Paris Agreement Air Conditioning
This is one of the great dilemmas of climate change: we are taking the comfort of air conditioning so that global energy consumption for this purpose has already tripled since 1990. It is on track to grow even faster by the middle of the century – and provided fossil fuels provide electricity that could generate enough carbon dioxide emissions to warm the planet by a deadly half-degree Celsius. Researchers have also shown that people who live in warmer areas, even for a very short period of time, feel good at higher internal temperatures. They argue that human comfort, whether mental or biological adaptation, is adaptable and not objective. This seems to be clear to many people who live with these temperatures. At a recent climate change conference in London, an Indian delegate rebuked: „If I can work and work at 30C, you could do it, believe me.“ If we are not about to be saved by technology and global political changes seem like a distant hope, there remains a very simple way to reduce the damage caused to the environment by air conditioning systems: less to take advantage of them. But as Julia Steinberger, an eco-economist and author of the IPCC, has written, all serious proposals to change our lifestyle – the reduction of imported driving, theft or avocados – are considered „beyond the pale, heretics, almost delusional.“ This is especially true for air conditioning systems where phone calls to use them less are often treated as proposals for people to die in heat waves or as evidence of a malicious desire to deny others the same comfort that citizens of rich countries already enjoy. The overall dominance of air conditioning systems was not inevitable. As recently as 1990, there were only about 400 m of air conditioners in the world, mainly in the United States. Originally built for industrial use, air conditioning was finally considered essential, a symbol of modernity and comfort.

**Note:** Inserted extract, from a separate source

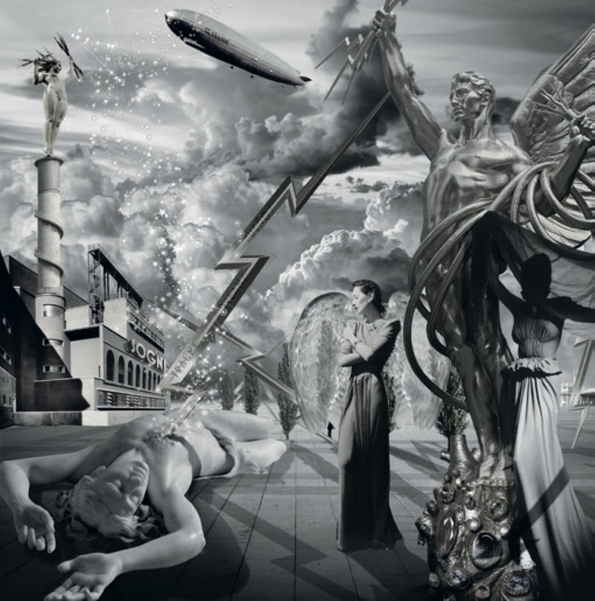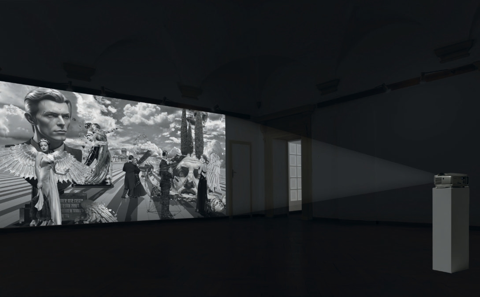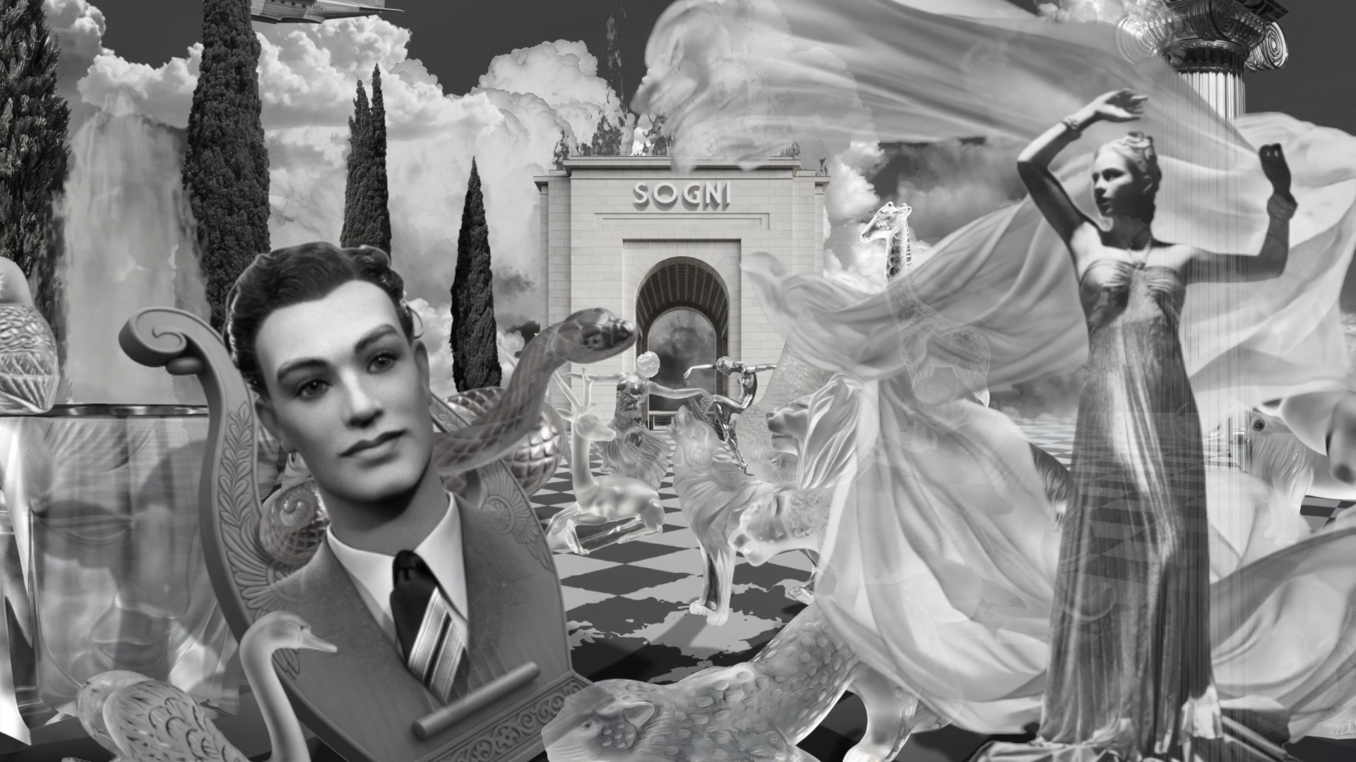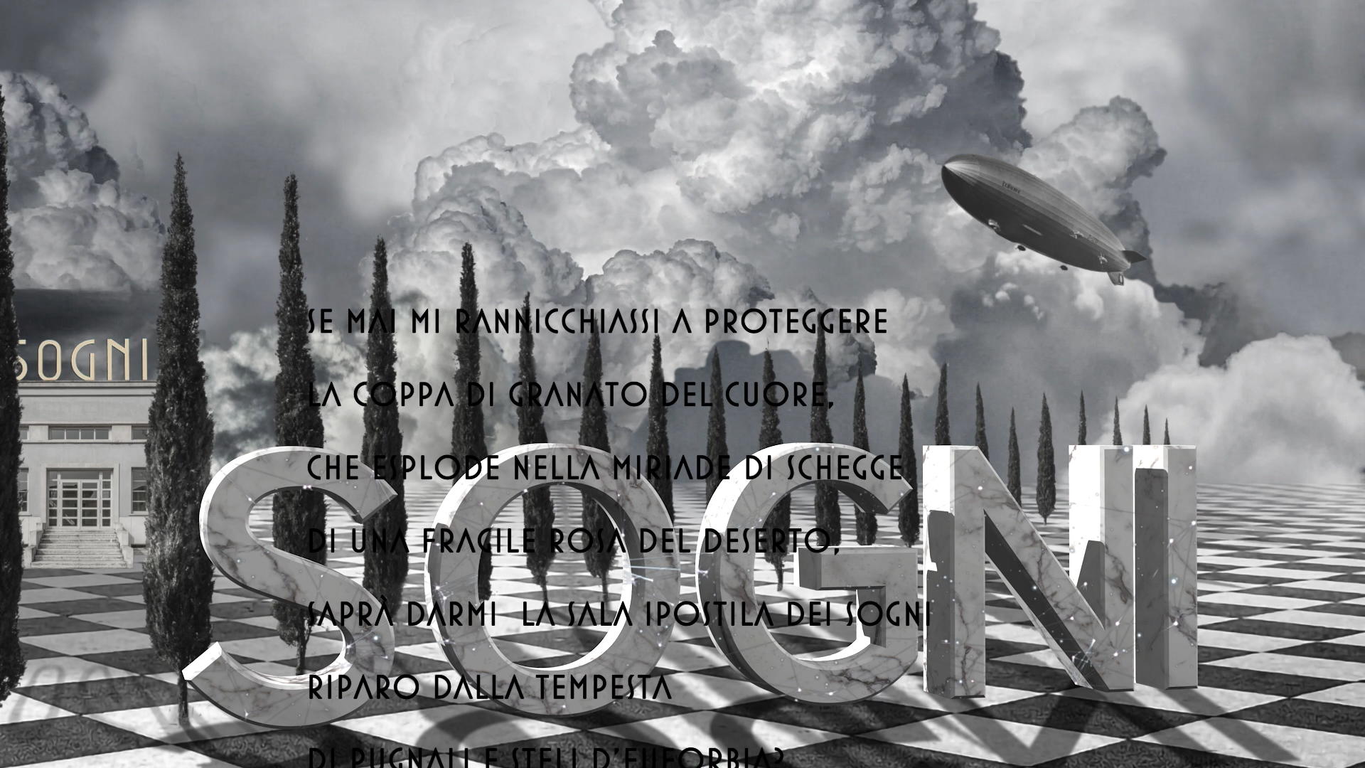 Chi va là? Ah benissimo, fate entrare l'infinito. Louis Aragon | Fabrizio Passarella Retrophuture ... Questo evento non è stato concepito come una mostra ma come un progetto articolato, una grande installazione composta da una proiezione video/sonora nella prima grande sala della galleria, una serie di disegni e opere digitali (stampe su plexiglas e lightbox) nella seconda sala e un libro di immagini e testi poetici. Assieme alla responsabile della Galleria, Patrizia Raimondi, si è concordato di esporlo per un periodo limitato per sottolinearne la caratteristica straordinaria, simile a un sogno, che non si può ripetere o prolungare. Da tempo vado infatti riflettendo su un’arte che sia più evanescente, più maneggevole, meno aggressiva; che richieda meno spazio fisico e più meditazione. Un’arte che riproduca i meccanismi mentali e percettivi. Che possa essere proiettata, trasformando lo spazio, creando un breve momento magico per poi svanire. Il progetto è la distillazione di oltre due anni di lavoro. È iniziato, infatti, quasi per caso, nell'autunno 2022, usando una bella foto di un angelo neoclassico scattata a Capodimonte per realizzare un'opera digitale. Sorprendentemente, il mondo della metafisica e del surrealismo è riaffiorato inconsciamente e in maniera junghiana, attraverso una specie di automatismo visivo in cui convenivano spunti poetici, spezzoni di sogni, visioni ipnagogiche, ricordi e immaginario retrofuturista, reperiti con una meticolosa e quasi medianica ricerca iconografica prima e poi con l’uso delle AI visive. Il carattere onirico delle composizioni - e la geniale scritta SOGNI su un edificio della “città metafisica” di Tresigallo - hanno a loro volta suggerito il titolo generale e quelli delle singole opere. È stato come tornare alla primitiva purezza del simbolo (non necessariamente da interpretare), che si rifletteva nella chiarezza di linee delle bellissime architetture razionaliste, che avevano ispirato ed erano state ispirate dalla pittura metafisica e dalla Neue Sachlichkeit. Un’uscita dal delirante ingorgo semiologico e semantico di indicazioni, slogan, false piste, ossimori orwelliani, sfacciate aggressioni visive in cui siamo sommersi. Soprattutto in un momento in cui il vecchio Titanic europeo, in piena decadenza, sembra essere sull’orlo del suo terzo (e probabilmente definitivo) suicidio nel giro di un secolo. Questa serie di lavori riflette infatti sia la dolcezza nostalgica di un futuro mai veramente compiuto che la struggente malinconia per il naufragio di un continente che sembra, da sempre, destinato a raggiungere vette vertiginose di bellezza e raffinatezza per poi divorare ciclicamente se stesso. Il tutto trasportato in un’atmosfera di penombra e di infinite fughe prospettiche, dove i personaggi mitologici vestono lamè e frac viennesi, danzando valzer fra e con giganteschi centrotavola in porcellana mitteleuropea. L’idea era di realizzare immagini che avessero come riferimento principale la poesia, soprattutto quella parasurrealista di Yvan Goll e Paul Celan, probabilmente i due più grandi poeti dell’ultimo secolo. È stato sorprendente ed affascinante vedere riemergere il Mito e le divinità classiche in maniera inattesa ma inconfondibile, quasi che l’anima collettiva d’Europa si esprimesse una specie di écriture automatique elettronica, a confermare la tesi hillmaniana secondo cui gli dèi si sono nascosti nelle pieghe del mondo moderno, o, come ben aveva compreso Gustav Jung, parafrasando l’oracolo di Delfi: CHE LO SI INVOCHI O NO IL DIO È COMUNQUE PRESENTE.
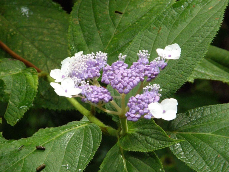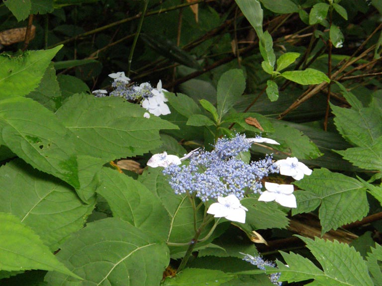 右はタマアジサイ、11.08.24牧ヶ谷にて

Then the air conditioning became global. Today, like other drivers of the climate crisis, we are running to find solutions, and we wonder how we are so closely linked to a technology that is drowning us. One Thursday night in Manhattan last month, New Yorkers were preparing for what meteorologists had predicted would be the hottest weekend of the year. Over the past two decades, every record of peak electricity consumption in the city has occurred during a heat wave, as millions of people simultaneously turn on their air conditioning systems. And so employees in downtown Con Edison, the company that supplies electricity to more than 10 million people in the New York area, were busy transforming a conference room on the 19th floor into an emergency call center. Growing demand for air conditioning systems and refrigerators may accelerate global warming, but new guidelines could help reduce emissions by setting clear performance standards for new appliances. All these reports note the terrible irony of this feedback loop: warmer temperatures lead to more air conditioners; more air conditioning leads to warmer temperatures.